(Records from a collection)
↓↓↓

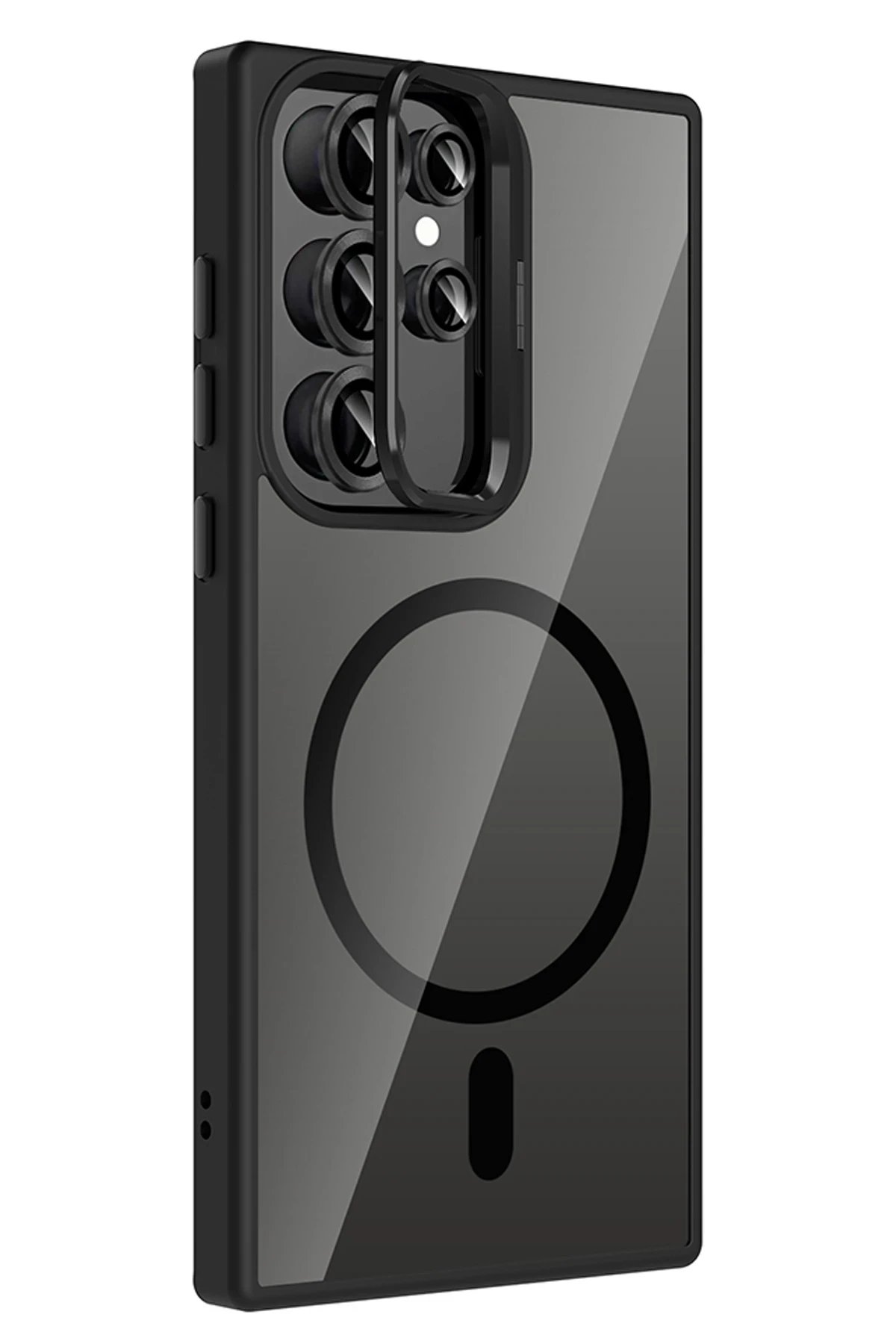 Samsung Galaxy S24 Ultra Remim Lensli Magsafe Standlı Kapak - Siyah-(5796)
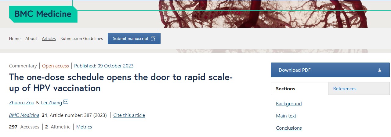 张磊教授团队受BMC Medicine杂志邀请,针对该研究发表了重要评述。该文章于2023年10月9日以《单剂方案开启了快速扩大HPV疫苗接种规模的大门》(The one-dose schedule opens the door to rapid scale-up of HPV vaccination)为题发表在BMC Medicine上的评论(Commentary)专栏,邹卓如博士是第一作者,张磊教授是通讯作者,公共卫生学院是通讯作者单位。
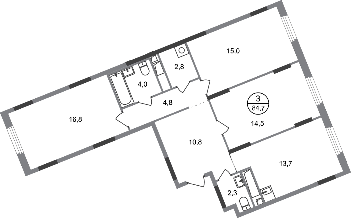 Продается трехкомнатная квартира в городе-парке "Переделкино Ближнее". Общая площадь квартиры - 84,7 кв. м, этаж 8 из 17. Срок сдачи - 3 квартал 2026 года. Тип дома - монолитный. Город-парк "Переделкино Ближнее" расположен в 8 км от МКАД по Боровскому шоссе. ТРАНСПОРТНАЯ ДОСТУПНОСТЬ: - 10 минут пешком до МЦД-4 «Мичуринец» - 15 минут пешком до станции метро «Рассказовка» Солнцевской линии - 10 минут на машине до станции метро «Филатов Луг» Сокольнической линии - 30 минут до центра Москвы - Прямой выезд на дорогу Солнцево-Бутово-Варшавское шоссе, минуя жилую застройку всего ЖК БЛАГОУСТРОЙСТВО: Новая фаза строительства уникальна своим расположением - в шаговой доступности парк на Лукинской улицы, река Алёшинка. На территории 18 фазы строительства будут построены 2 монолитных жилых корпуса повышенного комфорта разной этажности 7, 17 этажей. А также многоуровневый паркинг на 300 м/мест. Вход в жилую часть корпусов каждой секции осуществляется с двух сторон - с наружного контура жилого дома и со стороны дворового пространства, предусмотрен безбарьерный доступ. ВНУТРЕННЯЯ ИНФРАСТРУКТУРА: В рамках данной фазы, для жителей предусмотрено создание пространства, свободного от машин - благоустроенные огороженные дворы с современными детскими и спортивными площадками, разделенными на зоны по возрастам. На территории проекта есть все необходимые объекты социальной и бытовой инфраструктуры: детские сады, школы, магазины, паркинги, аптеки, поликлиники, пожарная часть и др. АВТОРСКИЙ ДИЗАЙН: Современный монолитный дом переменной этажности 7 и 17 этажей. На фасаде предусмотрены корзины для установки кондиционеров. Входные группы домов выполнены по авторскому дизайну. Колясочные располагаются при входе, велопарковка на -1 этаже.О застройщике
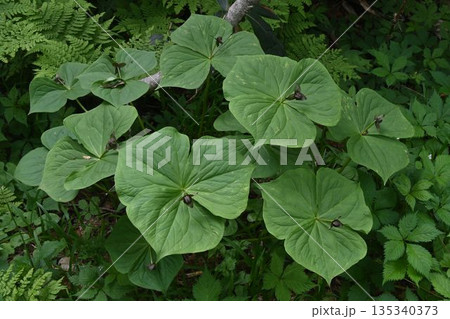 信州栂池自然園で見た大きな三枚の葉の中心に咲く小さな暗紫色の花が可愛いエンレイソウの群生
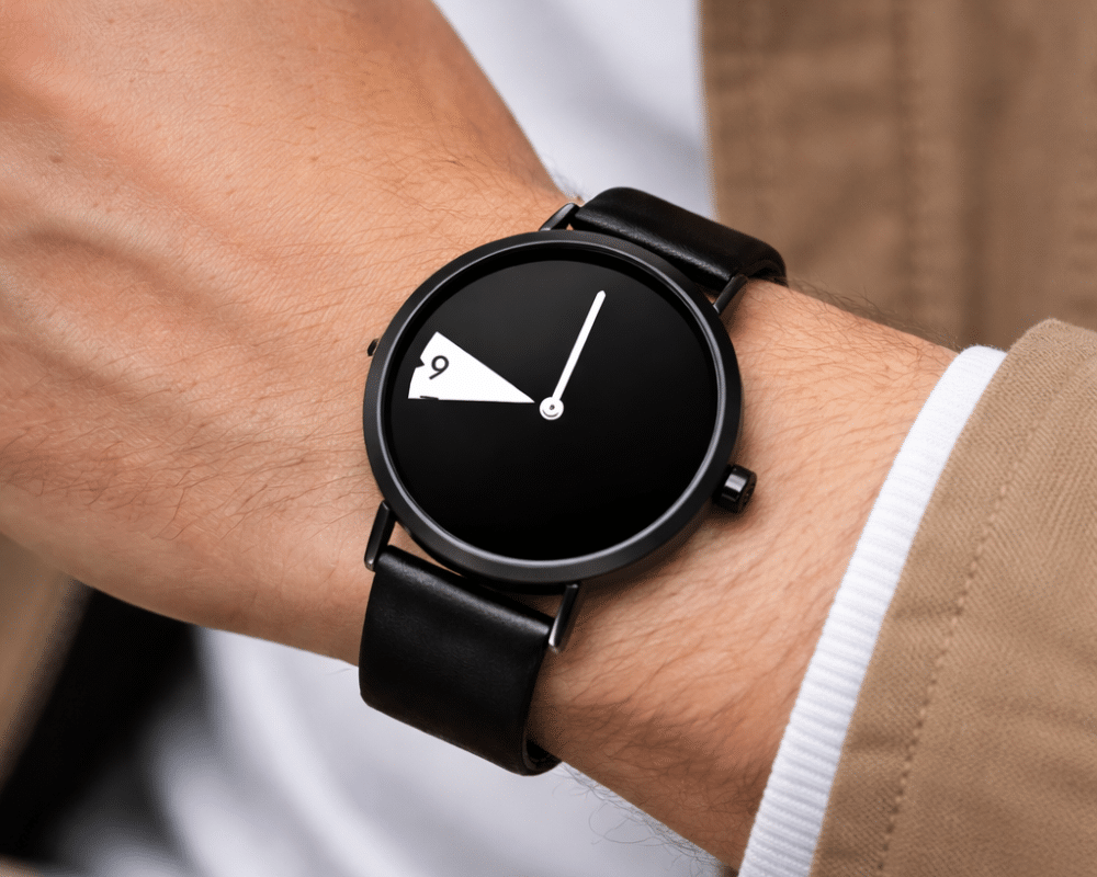With its matte black face, singular hour wedge, and ultra-clean layout, Chroma Time reduces time to its most essential form. The slim silhouette and smooth leather strap create a quiet, graphic presence, made for those who prefer intention over excess and design that speaks without noise.
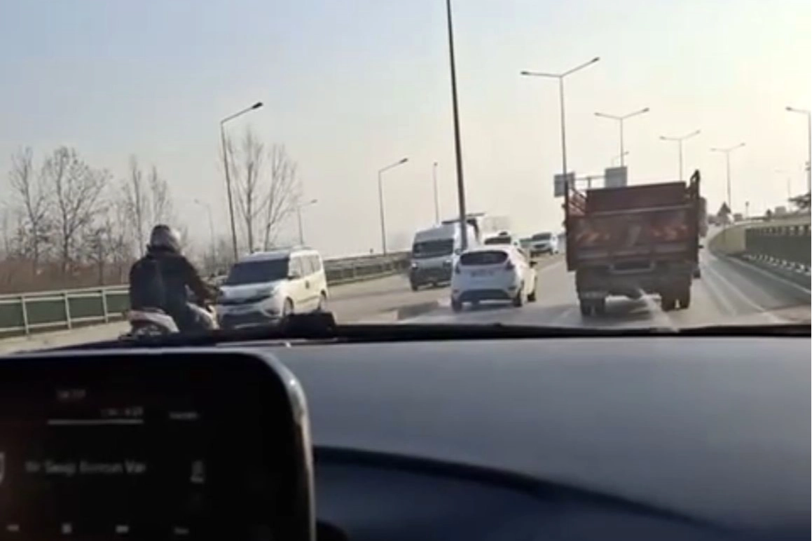 Bursa'da seyir halindeki otomobilde bulunan bir vatandaş, sosyal medya için görüntü çekmeye başladı. Telefonuyla kayda giren vatandaş, bir motosikletlinin kaza anını kayıt altına aldı. Kaza anı saniye saniye kaydedildi.
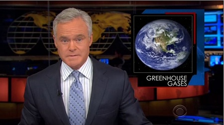 The CBS journalist then summarized the report's findings – that "CO2 levels have continued the steady rise that began in 1958 at 315 parts per million; reaching 394 parts per million last month. High levels of carbon dioxide can create a warming blanket around the Earth. The U.N. says the gas is responsible for 80 percent of the warming effect on the planet's climate."
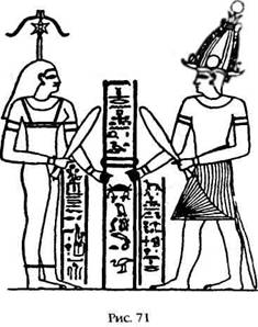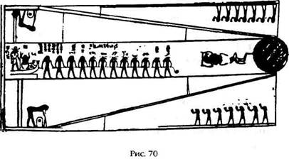 «Скажи, если знаешь. Кто положил меру ей, если знаешь? Или кто протягивал по ней вервь?» – спрашивал Господь Иова, предлагая признать, что хранителем тайн неба и земли является не человек, а Бог. В сцене представления царя-жреца богу Шамашу (рис. 54) смысл события передают фигуры двух Божественных держателей шнура. Два шнура, которые они протянули под углом к излучающей свет планете, предполагают не столько измерение расстояния, сколько ориентацию. На египетском рисунке с подобными мотивами, обнаруженном в папирусе царицы Нехмет, изображены два «держателя шнура», измеряющие угол планеты, названной «красным глазом Гора» (рис. 70).
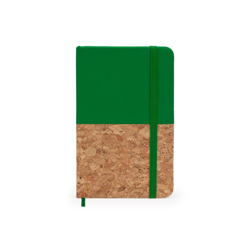 Блокнот формата А6. Комбинированная обложка из искусственной кожи и пробки. 80 нелинованных листов. Также у блокнота есть ляссе и резинка для фиксации.
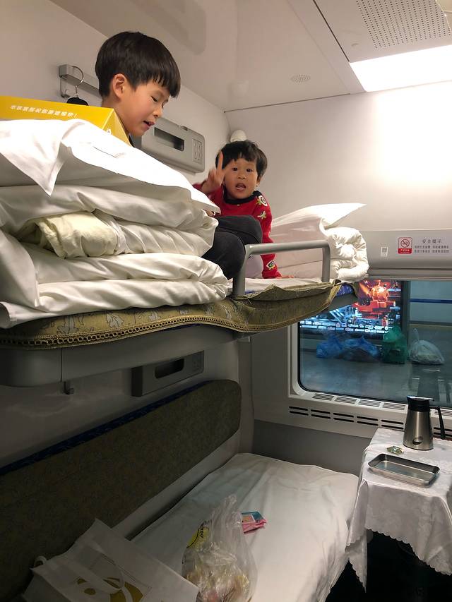 最后一天返程的卧铺,我和孩子都没坐过,无比新鲜,还送了一盒高铁的餐饮
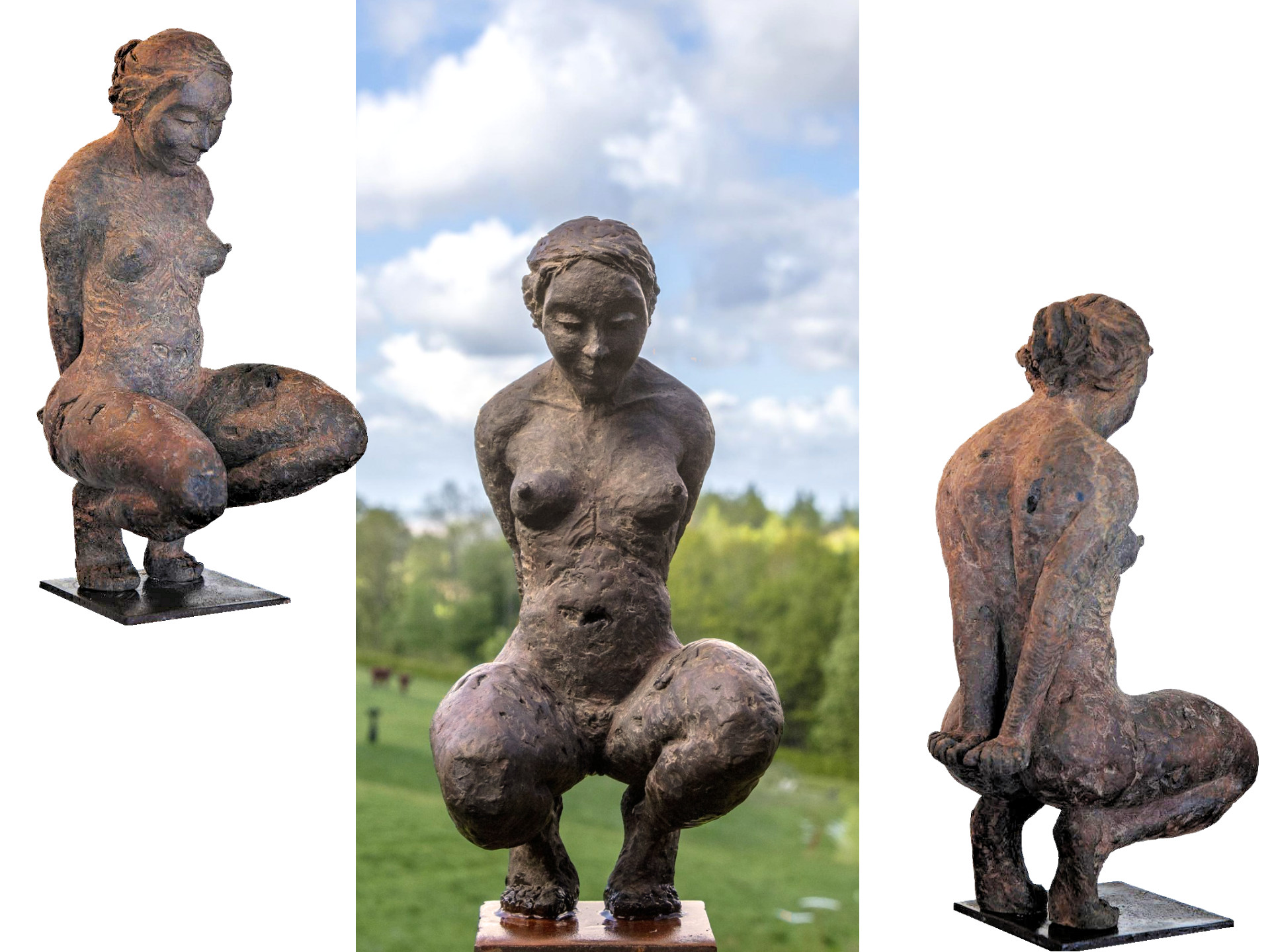 Het beeld is 30 cm hoog en voorzien van een cortenstalen voetplaat. De totale afmeting is 30 cm hoog

↑↑↑

== Task prompt ==
Output each line above exactly. Skip the images.

== Task solution ==
 Samsung Galaxy S24 Ultra Remim Lensli Magsafe Standlı Kapak - Siyah-(5796)
 张磊教授团队受BMC Medicine杂志邀请,针对该研究发表了重要评述。该文章于2023年10月9日以《单剂方案开启了快速扩大HPV疫苗接种规模的大门》(The one-dose schedule opens the door to rapid scale-up of HPV vaccination)为题发表在BMC Medicine上的评论(Commentary)专栏,邹卓如博士是第一作者,张磊教授是通讯作者,公共卫生学院是通讯作者单位。
 Продается трехкомнатная квартира в городе-парке "Переделкино Ближнее". Общая площадь квартиры - 84,7 кв. м, этаж 8 из 17. Срок сдачи - 3 квартал 2026 года. Тип дома - монолитный. Город-парк "Переделкино Ближнее" расположен в 8 км от МКАД по Боровскому шоссе. ТРАНСПОРТНАЯ ДОСТУПНОСТЬ: - 10 минут пешком до МЦД-4 «Мичуринец» - 15 минут пешком до станции метро «Рассказовка» Солнцевской линии - 10 минут на машине до станции метро «Филатов Луг» Сокольнической линии - 30 минут до центра Москвы - Прямой выезд на дорогу Солнцево-Бутово-Варшавское шоссе, минуя жилую застройку всего ЖК БЛАГОУСТРОЙСТВО: Новая фаза строительства уникальна своим расположением - в шаговой доступности парк на Лукинской улицы, река Алёшинка. На территории 18 фазы строительства будут построены 2 монолитных жилых корпуса повышенного комфорта разной этажности 7, 17 этажей. А также многоуровневый паркинг на 300 м/мест. Вход в жилую часть корпусов каждой секции осуществляется с двух сторон - с наружного контура жилого дома и со стороны дворового пространства, предусмотрен безбарьерный доступ. ВНУТРЕННЯЯ ИНФРАСТРУКТУРА: В рамках данной фазы, для жителей предусмотрено создание пространства, свободного от машин - благоустроенные огороженные дворы с современными детскими и спортивными площадками, разделенными на зоны по возрастам. На территории проекта есть все необходимые объекты социальной и бытовой инфраструктуры: детские сады, школы, магазины, паркинги, аптеки, поликлиники, пожарная часть и др. АВТОРСКИЙ ДИЗАЙН: Современный монолитный дом переменной этажности 7 и 17 этажей. На фасаде предусмотрены корзины для установки кондиционеров. Входные группы домов выполнены по авторскому дизайну. Колясочные располагаются при входе, велопарковка на -1 этаже.О застройщике
 信州栂池自然園で見た大きな三枚の葉の中心に咲く小さな暗紫色の花が可愛いエンレイソウの群生
With its matte black face, singular hour wedge, and ultra-clean layout, Chroma Time reduces time to its most essential form. The slim silhouette and smooth leather strap create a quiet, graphic presence, made for those who prefer intention over excess and design that speaks without noise.
 Bursa'da seyir halindeki otomobilde bulunan bir vatandaş, sosyal medya için görüntü çekmeye başladı. Telefonuyla kayda giren vatandaş, bir motosikletlinin kaza anını kayıt altına aldı. Kaza anı saniye saniye kaydedildi.
 The CBS journalist then summarized the report's findings – that "CO2 levels have continued the steady rise that began in 1958 at 315 parts per million; reaching 394 parts per million last month. High levels of carbon dioxide can create a warming blanket around the Earth. The U.N. says the gas is responsible for 80 percent of the warming effect on the planet's climate."
 «Скажи, если знаешь. Кто положил меру ей, если знаешь? Или кто протягивал по ней вервь?» – спрашивал Господь Иова, предлагая признать, что хранителем тайн неба и земли является не человек, а Бог. В сцене представления царя-жреца богу Шамашу (рис. 54) смысл события передают фигуры двух Божественных держателей шнура. Два шнура, которые они протянули под углом к излучающей свет планете, предполагают не столько измерение расстояния, сколько ориентацию. На египетском рисунке с подобными мотивами, обнаруженном в папирусе царицы Нехмет, изображены два «держателя шнура», измеряющие угол планеты, названной «красным глазом Гора» (рис. 70).
 Блокнот формата А6. Комбинированная обложка из искусственной кожи и пробки. 80 нелинованных листов. Также у блокнота есть ляссе и резинка для фиксации.
 最后一天返程的卧铺,我和孩子都没坐过,无比新鲜,还送了一盒高铁的餐饮
 Het beeld is 30 cm hoog en voorzien van een cortenstalen voetplaat. De totale afmeting is 30 cm hoog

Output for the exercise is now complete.